### DATA SHOWN
________________________________________
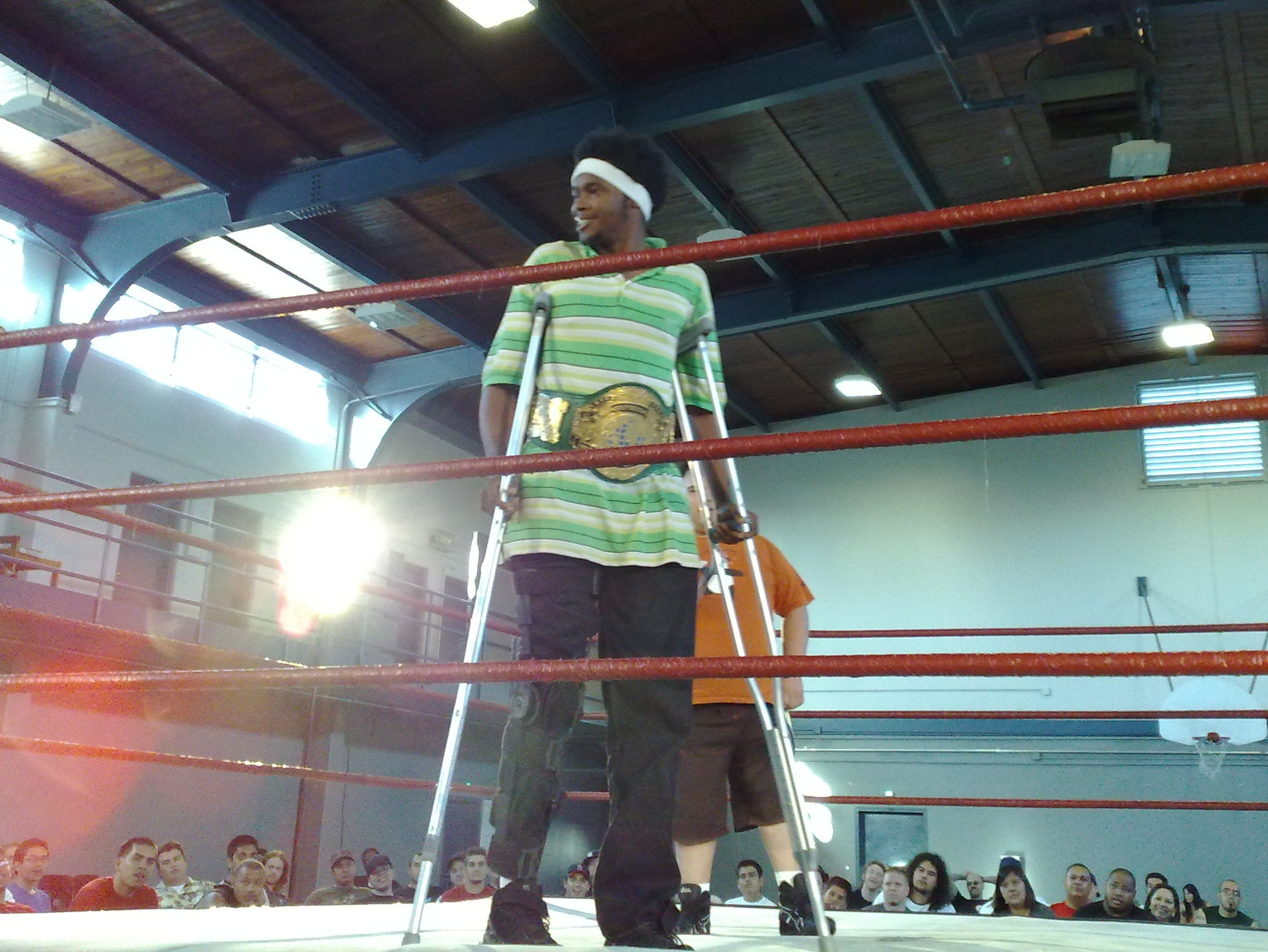 Professional wrestler Human Tornado (real name Craig Williams) on crutches as the Pro Wrestling Guerrilla (PWG) World Champion at PWG's DDT4 Night 2 show on May 18, 2008.
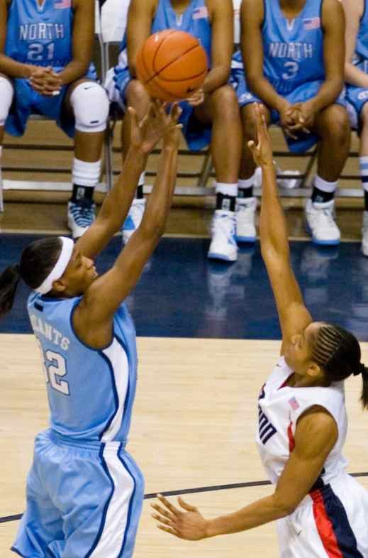 Rashanda McCants versus Connecticut 1/21/2008
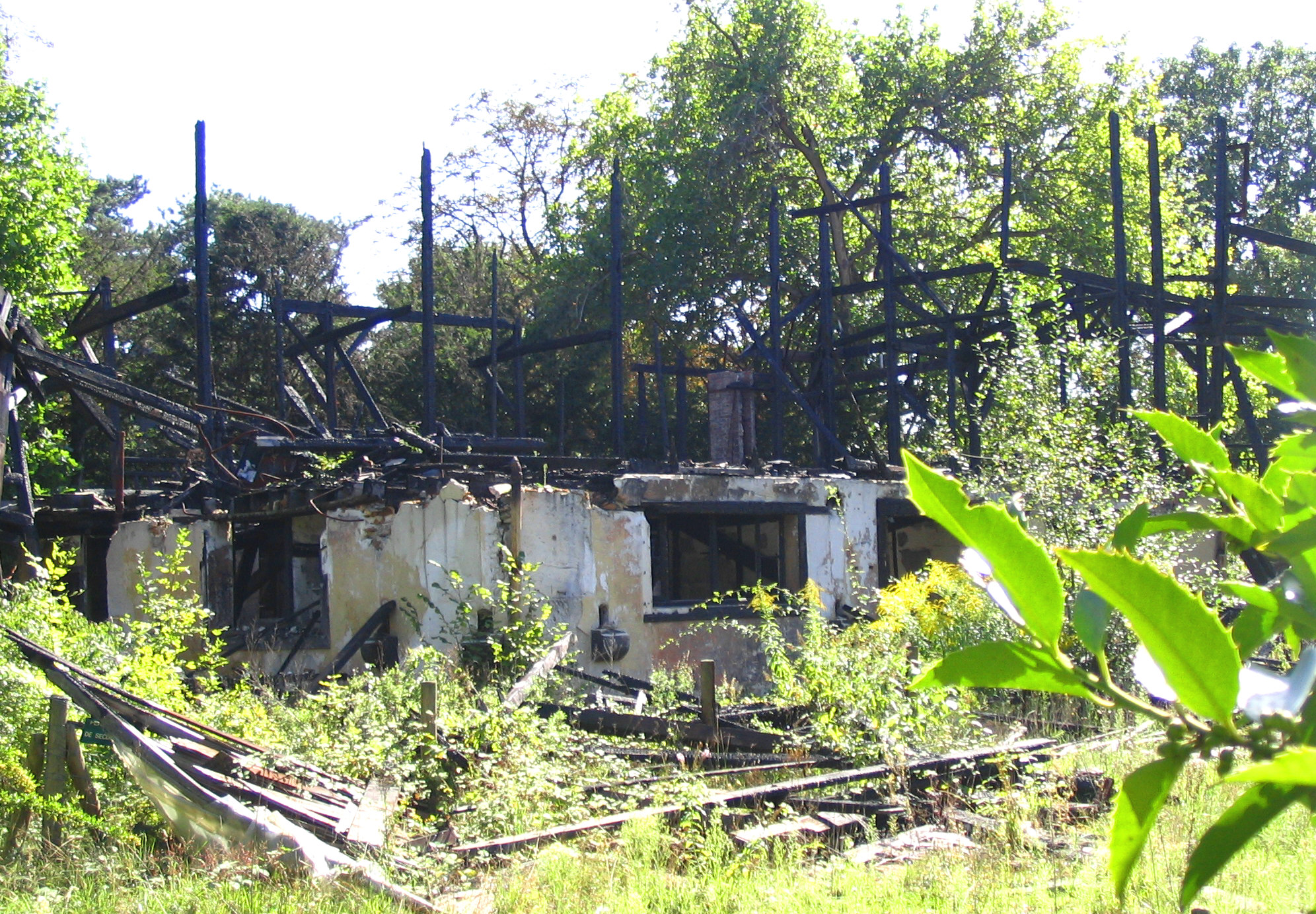 Jardin Tropical de Paris - France Ruines du Pavillon du Congo Tropical Garden in Paris, France Auteur/author: P.Charpiat - 2006
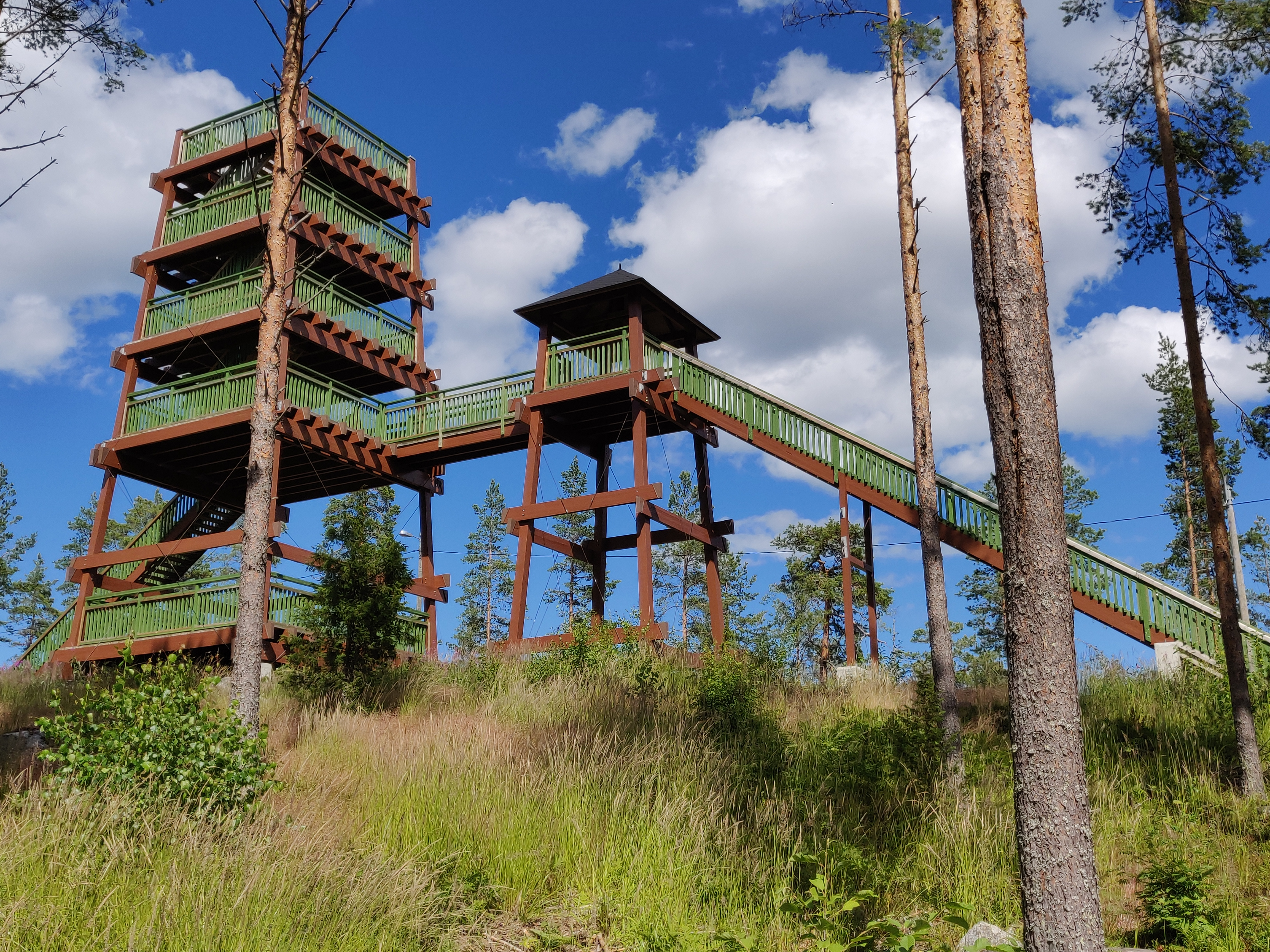 Two wooden observation towers on a hill.
________________________________________
### EXERCISE DETAILS
Set the entire listing down again, exact in every line, without any pictures.

### ANSWER BELOW
 Professional wrestler Human Tornado (real name Craig Williams) on crutches as the Pro Wrestling Guerrilla (PWG) World Champion at PWG's DDT4 Night 2 show on May 18, 2008.
 Rashanda McCants versus Connecticut 1/21/2008
 Jardin Tropical de Paris - France Ruines du Pavillon du Congo Tropical Garden in Paris, France Auteur/author: P.Charpiat - 2006
 Two wooden observation towers on a hill.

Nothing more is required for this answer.